Therefore, when you penetrate the illusion and at last see the negativity lodged in yourself, you are much nearer to salvation than those who cling to the false theories about life — false because in their hearts they do not really believe either the fake good feelings or the negative ones they produce to avoid death and nothingness.

It is impossible to eliminate the illusions unless one comes face to face with the discrepancy between what one consciously believes or what one thinks one believes and pays lip service to, and what one believes deep down in one’s soul where the emotions, attitudes, and concepts form a specific expectation of life and create a specific emotional climate. Wherever such negativity exists — hidden or overt — one does not trust in the ultimate good of one’s own personality nor, consequently, anyone else’s.

There is a great deal of difference between facing the negativity, understanding that here I am negating rather than affirming; here I express the negation in this specific way, and a justification of this negation, while denying its existence. The denial manifests in a continuous effort to talk oneself into the opposite state. The justification manifests as a destructive, negative world view to justify a personal fear. The fear is therefore denied in its real form. It must always lead back to a personal experience, never to a general one. In other words, when people try to expound a nihilistic world view, they hide their private fears, disappointments, and suffering, their distrust in their own innermost self, in their feelings, by making a general rule that life is, supposedly, bad. The personal experience must be unearthed.

Therefore this path must be concerned with penetrating illusions — the illusion that says, “I am fulfilled” when one feels unfulfilled; the illusion that pretends the world is bad when one believes that one’s feelings are unacceptable or dangerous; the illusion that ignores a particular unhappiness; the illusion that makes one unaware of how one holds back the spontaneous flow of natural feelings, and the illusion that does not want to see in what devious ways this can be accomplished.

Illusion does not refer only to glorifying or beautifying facts by falsely making them more positive.
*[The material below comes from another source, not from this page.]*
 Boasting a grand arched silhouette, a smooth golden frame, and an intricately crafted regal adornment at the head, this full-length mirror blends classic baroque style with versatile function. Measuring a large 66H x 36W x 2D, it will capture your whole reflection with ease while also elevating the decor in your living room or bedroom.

Nor does it refer only to ignoring vague factors that would need concise acknowledgement in order to bring the personality into balance and truth. It means more than denial and failure to ascertain an inner state. Even this failure to ascertain may be subtle, for a state may be half-admitted without your fully seeing it. Illusion also means producing unreal negative emotions. This, too, may be subtle.

Both positive and negative false emotions can be so subtle that it is easy not to admit them. It is rather obvious that false feelings are produced when one talks oneself into a feeling that one does not have at all. It is less obvious that the feelings are false when the rudiments of the particular feeling actually exist and on one level of consciousness the person would very much want to feel this particular emotion, but cannot, due to blockage. Hence, the feeling is manipulated, artificially exaggerated or dramatized. Again, this may apply to positive or negative emotions.
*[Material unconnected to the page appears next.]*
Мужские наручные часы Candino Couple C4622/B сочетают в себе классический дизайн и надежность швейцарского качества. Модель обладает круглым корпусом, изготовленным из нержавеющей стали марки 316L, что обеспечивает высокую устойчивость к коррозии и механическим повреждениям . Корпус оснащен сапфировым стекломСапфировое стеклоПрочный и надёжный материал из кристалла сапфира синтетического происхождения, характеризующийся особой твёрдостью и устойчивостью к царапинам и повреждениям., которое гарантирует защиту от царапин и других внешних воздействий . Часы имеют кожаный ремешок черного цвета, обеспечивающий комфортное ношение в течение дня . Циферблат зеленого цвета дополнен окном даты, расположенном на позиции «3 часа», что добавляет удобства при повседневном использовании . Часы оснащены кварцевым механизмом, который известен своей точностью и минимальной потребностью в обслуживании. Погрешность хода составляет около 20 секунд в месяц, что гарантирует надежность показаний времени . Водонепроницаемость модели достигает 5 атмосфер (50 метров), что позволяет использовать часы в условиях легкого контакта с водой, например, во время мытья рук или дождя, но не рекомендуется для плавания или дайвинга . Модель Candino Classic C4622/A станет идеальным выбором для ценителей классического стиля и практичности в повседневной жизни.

Dramatizing negative emotions is just as frequent as pretending positive feelings. Usually they go hand in hand and can be found together in the same psyche. One hangs onto hurts, which may be just as illusory as pretended fulfillment or a denied unfulfillment. Anger, hurt, suffering may all be dramatized and clung to. Artificial feelings, both positive and negative, serve to alleviate the terror of non-feeling, which is a state of nonlife.
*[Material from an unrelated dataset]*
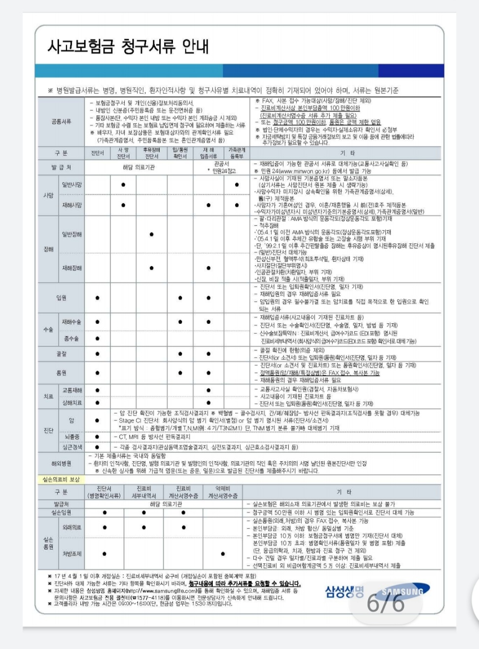 - 질병이나 재해로 병원에 갔을 때 원무과에 병원비를 결재하기 전에 해당 보험사 고객센터에 전화를 해서 필요한 서류를 확인한 후 발급받아야 한다.(삼성생명 사고보험금 전용 콜센터 1577- 4118)

Now, how can you tell the difference between the real feelings and the false feelings, the genuine wellspring of spontaneous life and the drummed up, manufactured emotions, instituted as a means of averting a terror? The manufactured feelings are always troublesome and problematic. They do not bring enlightenment and clarification. They do not bring peace of mind. They are a means to avoid an opposite state, hence they must produce more opposites, more irreconcilable poles. For example, a false feeling of excitement is supposed to ward off numbness, dullness, boredom. The real feeling of aliveness and vibrancy does not avoid anything. It just is. Therefore it contains both stimulation and peace. The false feeling cannot combine apparent opposites, such as excitement and peace. They must seem incompatible opposites that cannot be reconciled, so that the person is faced with a choice. Often you alternate between the two choices and are driven from one extreme to the other. For a false feeling creates a lack of freedom, enslavement to the false processes set in motion. One no longer chooses either excitement or peace; one is driven to choose the distortions. Being alive becomes a chore, a peace-robbing and difficult endeavor; being peaceful becomes lifeless and finally ends in fright.

False feelings always create problems on the dualistic level. Let us take the example of love. The false feeling of love breeds and results in the conflict of submission and slavery, loss of dignity for the sake of giving in, giving up one’s own rights and desires for the rights and desires of the loved one. So the way out seems to deny love in order to have one’s selfhood intact and one’s freedom unhampered. This is the typical conflict of false love, which, in turn, is produced because one fears the state of nonlife.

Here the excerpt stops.